A female lecturer from the Islamic University in Gaza recently claimed in a television interview that, contrary to the claims of Westerners, Islam defends the rights of women.
The interview aired on the Hamas-owned Al-Aqsa TV channel on March 8 to mark International Woman’s Day. It was translated by the Middle East Media Research Institute (MEMRI).
The professor, Tahani Abu Jazar, said – ironically while her face was covered in an Islamic veil – that the “woman who is allegedly deprived of her rights in Islam in fact receives her rights in full.”
The West raises doubts about women’s right in Islam, she claimed, because these “doubts are indications of their own weakness, because they cannot live like in the Islamic world, which glows like a shining star in the skies. They cannot honor the woman as she is honored by Islam. That is why there are doubts.”

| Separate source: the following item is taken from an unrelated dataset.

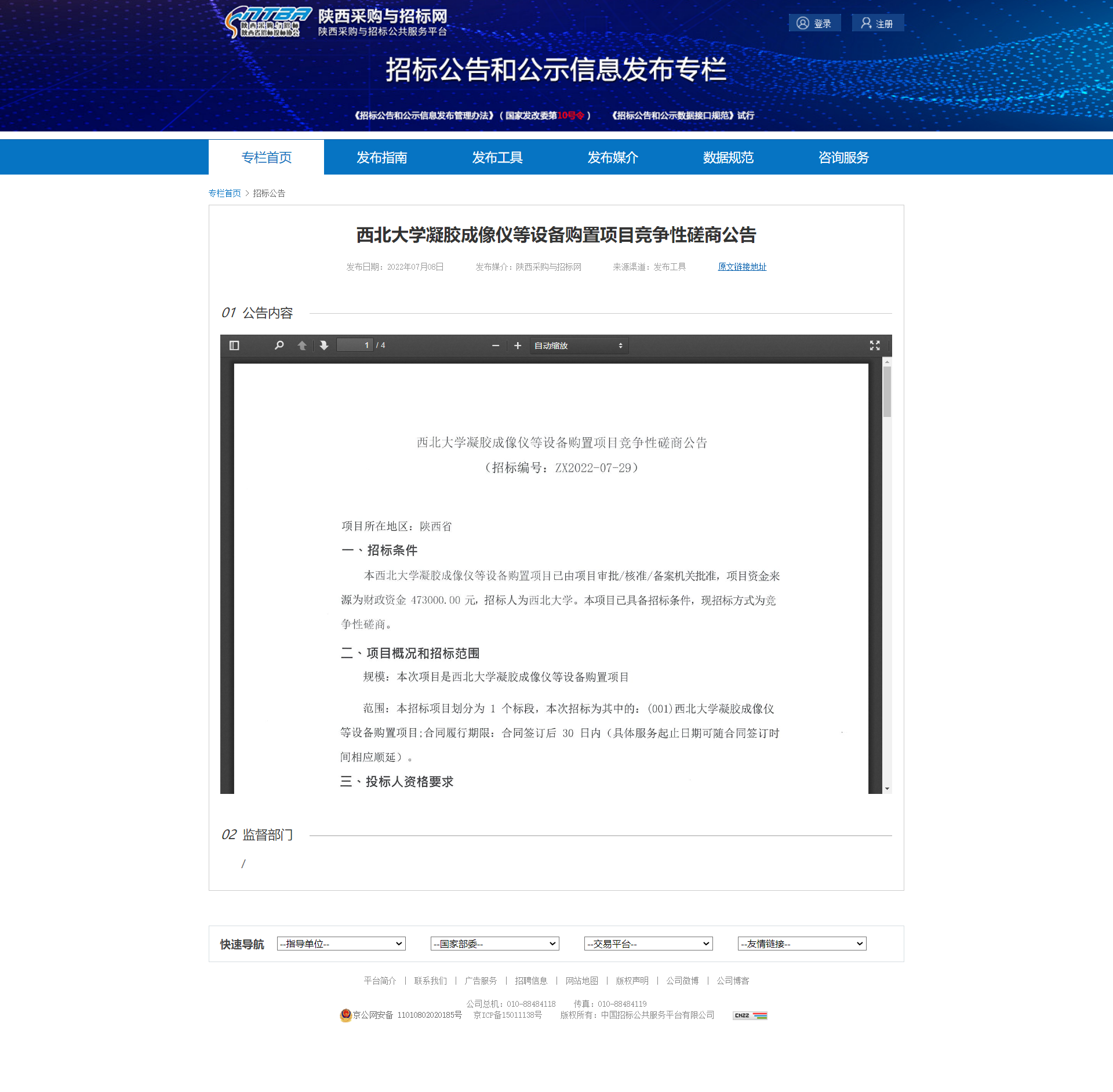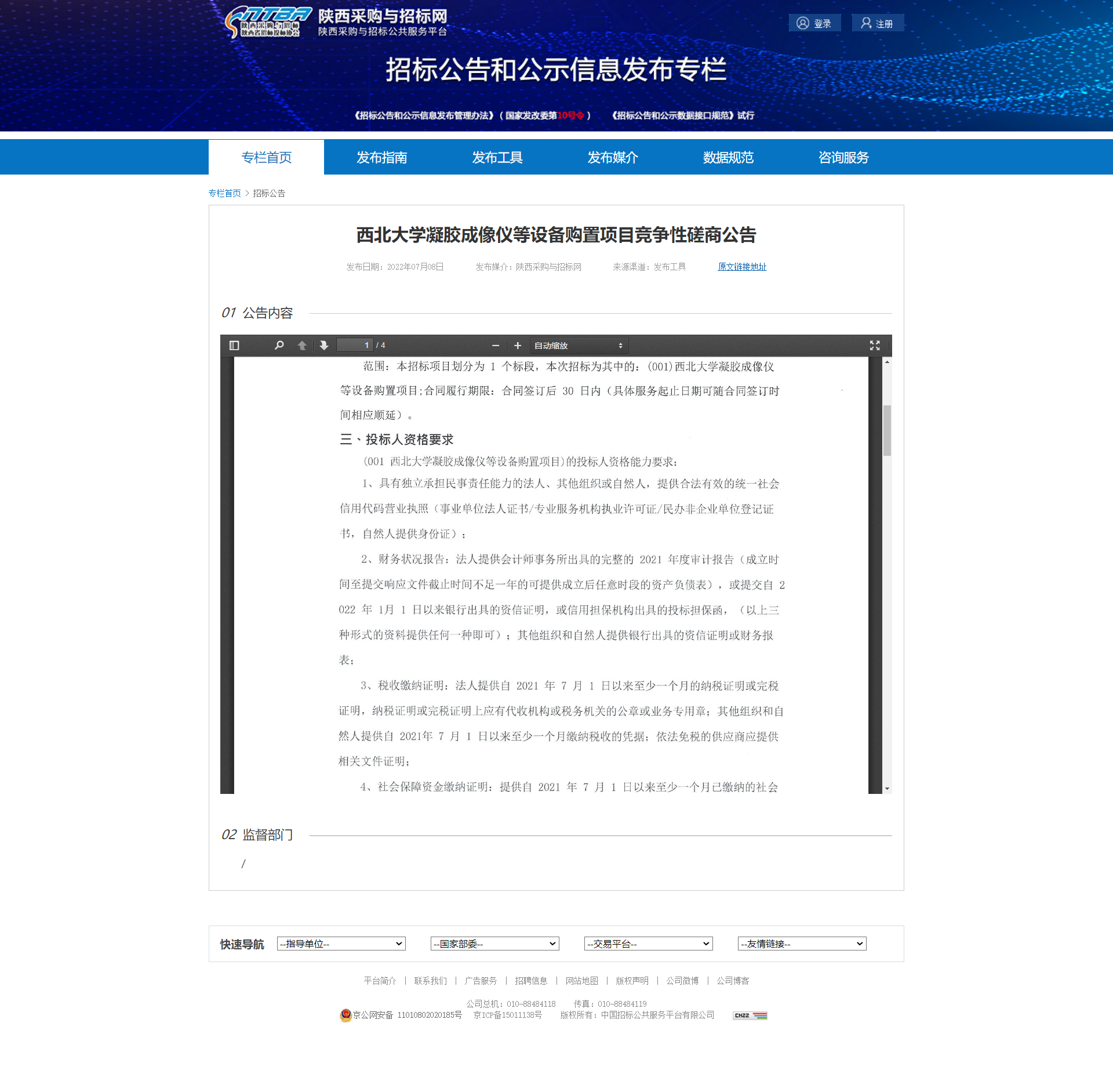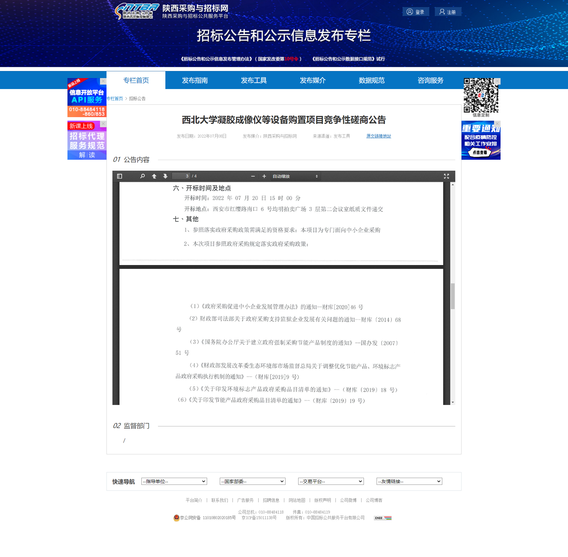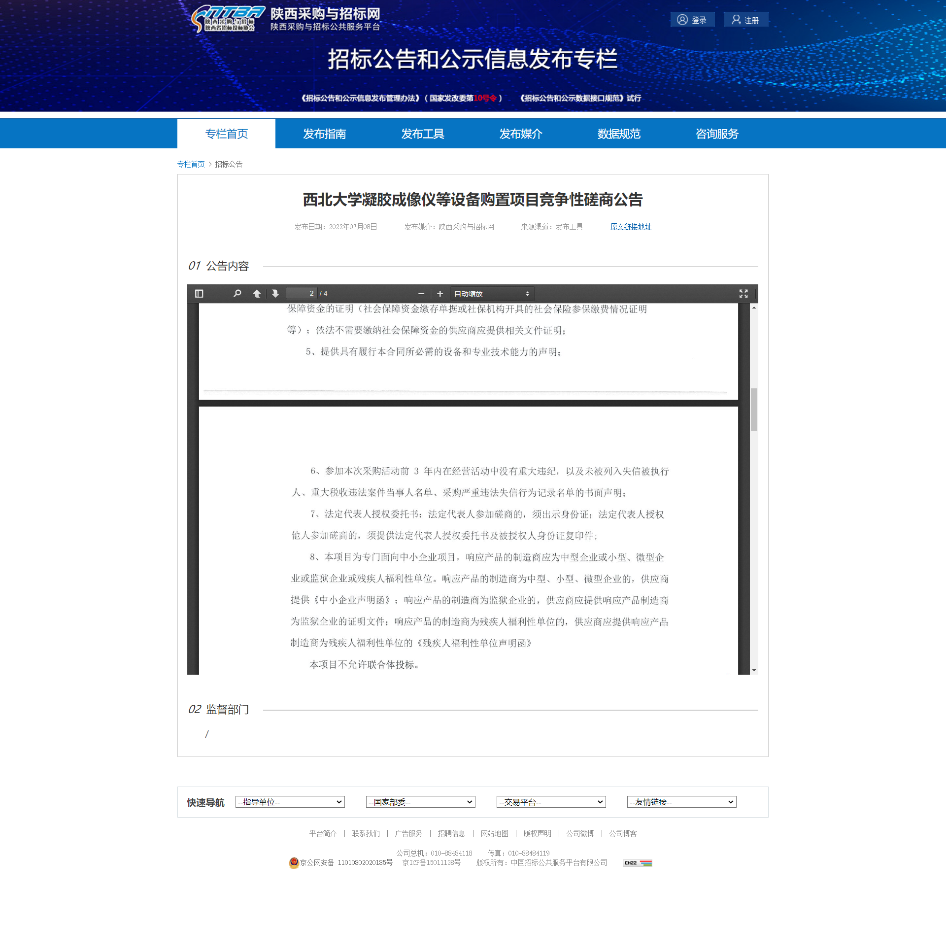 乐投平台凝胶成像仪等设备购置项目竞争性磋商公告 作者: 编辑:薛利娟 时间:2022-07-08 原公告链接:http://bulletin.sntba.com/biddingBulletin/2022-07-08/445120.html
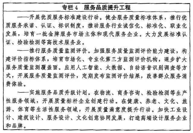 (七)提高產(chǎn)業(yè)質(zhì)量競爭水平。推動產(chǎn)業(yè)質(zhì)量升級,加強(qiáng)產(chǎn)業(yè)鏈全面質(zhì)量管理,著力提升關(guān)鍵環(huán)節(jié)、關(guān)鍵領(lǐng)域質(zhì)量管控水平。開展對標(biāo)達(dá)標(biāo)提升行動,以先進(jìn)標(biāo)準(zhǔn)助推傳統(tǒng)產(chǎn)業(yè)提質(zhì)增效和新興產(chǎn)業(yè)高起點發(fā)展。推進(jìn)農(nóng)業(yè)品種培優(yōu)、品質(zhì)提升、品牌打造和標(biāo)準(zhǔn)化生產(chǎn),全面提升農(nóng)業(yè)生產(chǎn)質(zhì)量效益。加快傳統(tǒng)制造業(yè)技術(shù)迭代和質(zhì)量升級,強(qiáng)化戰(zhàn)略性新興產(chǎn)業(yè)技術(shù)、質(zhì)量、管理協(xié)同創(chuàng)新,培育壯大質(zhì)量競爭型產(chǎn)業(yè),推動制造業(yè)高端化、智能化、綠色化發(fā)展,大力發(fā)展服務(wù)型制造。加快培育服務(wù)業(yè)新業(yè)態(tài)新模式,以質(zhì)量創(chuàng)新促進(jìn)服務(wù)場景再造、業(yè)務(wù)再造、管理再造,推動生產(chǎn)性服務(wù)業(yè)向?qū)I(yè)化和價值鏈高端延伸,推動生活性服務(wù)業(yè)向高品質(zhì)和多樣化升級。完善服務(wù)業(yè)質(zhì)量標(biāo)準(zhǔn),加強(qiáng)服務(wù)業(yè)質(zhì)量監(jiān)測,優(yōu)化服務(wù)業(yè)市場環(huán)境。加快大數(shù)據(jù)、網(wǎng)絡(luò)、人工智能等新技術(shù)的深度應(yīng)用,促進(jìn)現(xiàn)代服務(wù)業(yè)與先進(jìn)制造業(yè)、現(xiàn)代農(nóng)業(yè)融合發(fā)展。

Since violently taking over Gaza in 2007, Hamas has enforced a stringent interpretation of Islamic law in Gaza.
The terror group has banned women and teenagers from smoking hookahs in public, ordered that women’s clothing stores are not allowed to have dressing rooms, men cannot have hairdressing salons for women and that mannequins shaped like women must be dressed in modest clothing.
Hamas is not the only offender in this regard. Women’s rights are nearly non-existent in Arab countries, such as Saudi Arabia where women are physically punished if not wearing compulsory clothing, are almost entirely excluded from political life, and cannot drive, or Iran, where crimes such as “adultery” are punishable by death by stoning of the woman.